-------- PROVIDED DATA
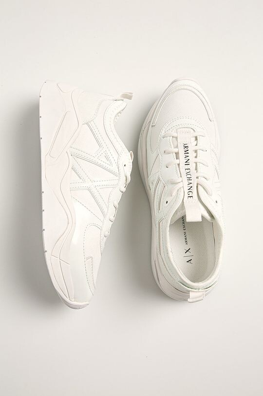 Туфли из коллекции Armani Exchange. Модель выполнена из комбинации текстиля и синтетического материала.
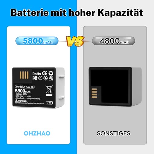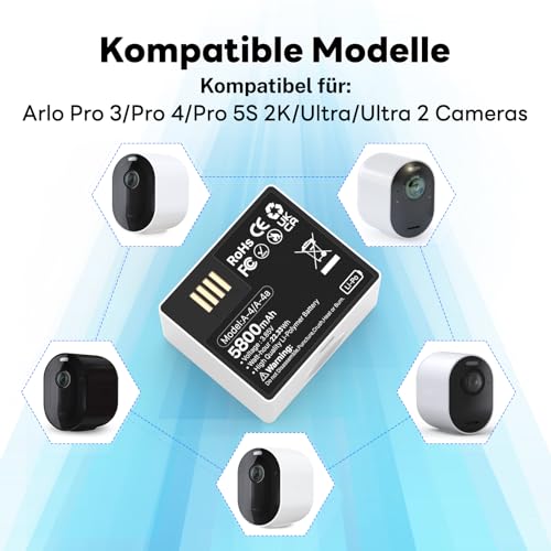 - OHZHAO 2 Pack 5800mAh for Arlo Pro 4 Battery, 2025 Upgrade High Capacity Rechargeable Lithium Battery for Arlo Pro 5S 2K, Pro 4, Pro 3, Ultra 2 Cameras
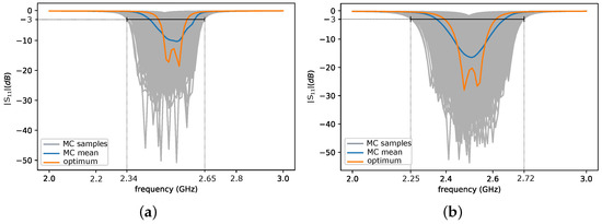 (a) Return loss of the zigzag bandpass filter using robust BO and (b) standard BO. (a) The optimal 3 dB bandwidth by the robust BO is [2.47, 2.58] GHz. MC analysis reveals, however, that it may extend up to [2.34, 2.65] GHz. (b) The optimal 3 dB bandwidth by the standard BO is [2.40, 2.61] GHz. MC analysis reveals, however, that it may extend up to [2.25, 2.72] GHz.
----------------
Leave every image out, and retype the material exactly.

-- TASK OUTPUT --
 Туфли из коллекции Armani Exchange. Модель выполнена из комбинации текстиля и синтетического материала.
 - OHZHAO 2 Pack 5800mAh for Arlo Pro 4 Battery, 2025 Upgrade High Capacity Rechargeable Lithium Battery for Arlo Pro 5S 2K, Pro 4, Pro 3, Ultra 2 Cameras
 (a) Return loss of the zigzag bandpass filter using robust BO and (b) standard BO. (a) The optimal 3 dB bandwidth by the robust BO is [2.47, 2.58] GHz. MC analysis reveals, however, that it may extend up to [2.34, 2.65] GHz. (b) The optimal 3 dB bandwidth by the standard BO is [2.40, 2.61] GHz. MC analysis reveals, however, that it may extend up to [2.25, 2.72] GHz.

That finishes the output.